Contrariamente a quanto ipotizzato, invece di avviare la sperimentazione triennale, il 23 di settembre saremo chiamati a esprimerci sull’attribuzione del necessario credito di 6.7 milioni di CHF. Un credito approvato lo scorso mese di marzo dal Parlamento, contro il quale è stato lanciato con successo il referendum.

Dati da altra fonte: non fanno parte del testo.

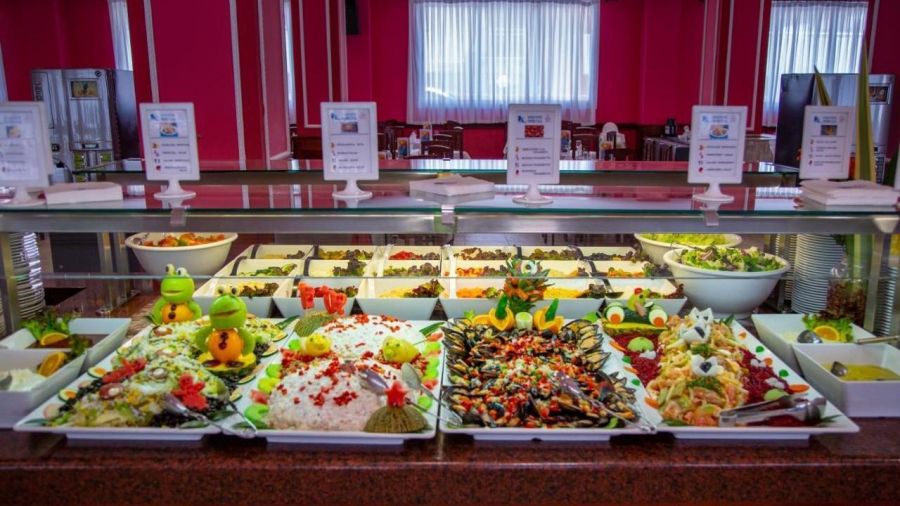 Основният ресторант предлага богата шведска маса с национални и международни ястия, като менюто се обновява на всеки две седмици. Ресторантът предлага и тематични вечери в определени дни.
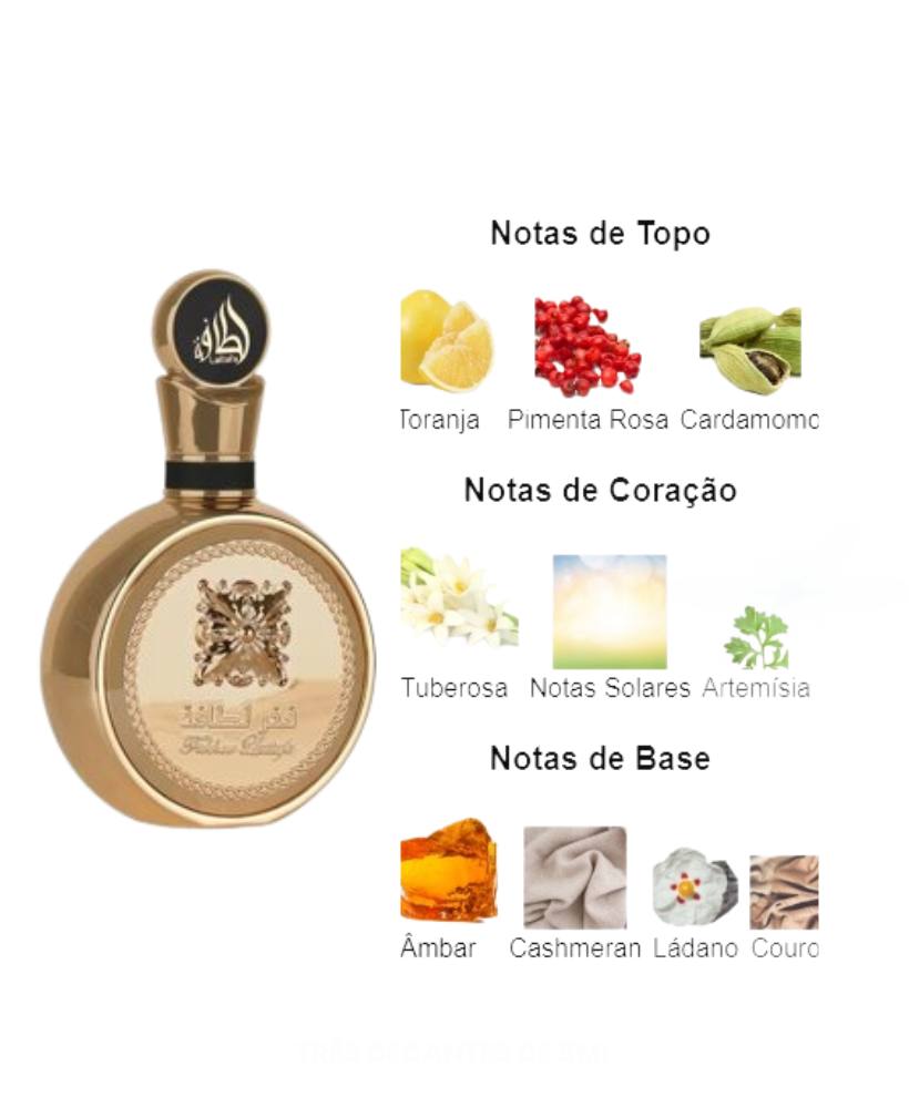 Fakhar Extrait de Lattafa Perfumes é um perfume Compartilhável. As notas de topo são: Toranja, Cardamomo e Pimenta Rosa. As notas de coração são: Tuberosa, Notas Solares e Artemísia. As notas de fundo são: Âmbar, Cashmeran, Ládano e Couro.

Indipendentemente dall’esito, il referendum ha già influenzato il progetto di riforma. Anche se dalle urne uscirà un ‘sì’, l’avvio della sperimentazione è in effetti rimandato di un anno (settembre 2019). In questo caso, il posticipo potrà essere impiegato per approfondire ulteriormente il modello da sperimentare e per raggiungere un coinvolgimento ancora maggiore degli attori scolastici.

Nel caso in cui cittadine e cittadini non concedano il credito, il progetto di riforma subirà invece una battuta d’arresto.

In effetti, il voto non mette a confronto un progetto a un contro-progetto, ma chiede unicamente di ratificare o meno l’attribuzione del credito. In assenza di tale finanziamento, La scuola che verrà non potrà pertanto essere sperimentata.

In vista di questo appuntamento democratico il Dipartimento dell’educazione, della cultura e dello sport mette a disposizione tutta la documentazione sul progetto nel sito www.ti.ch/lascuolacheverra. Le argomentazioni del comitato referendario sono esposte sul sito www.no-smantellamento-scuola.ch, mentre quelle del comitato che sostiene la sperimentazione sono consultabili su www.si-scuoladitutti.ch.

Ringrazio tutte le persone che hanno collaborato e collaborano attivamente al progetto di riforma. Allo stesso modo, ringrazio tutte e tutti voi per l’ottimo contributo dato quotidianamente alla scuola e alla collettività.

Augurandovi un’ottima estate, vi saluto cordialmente.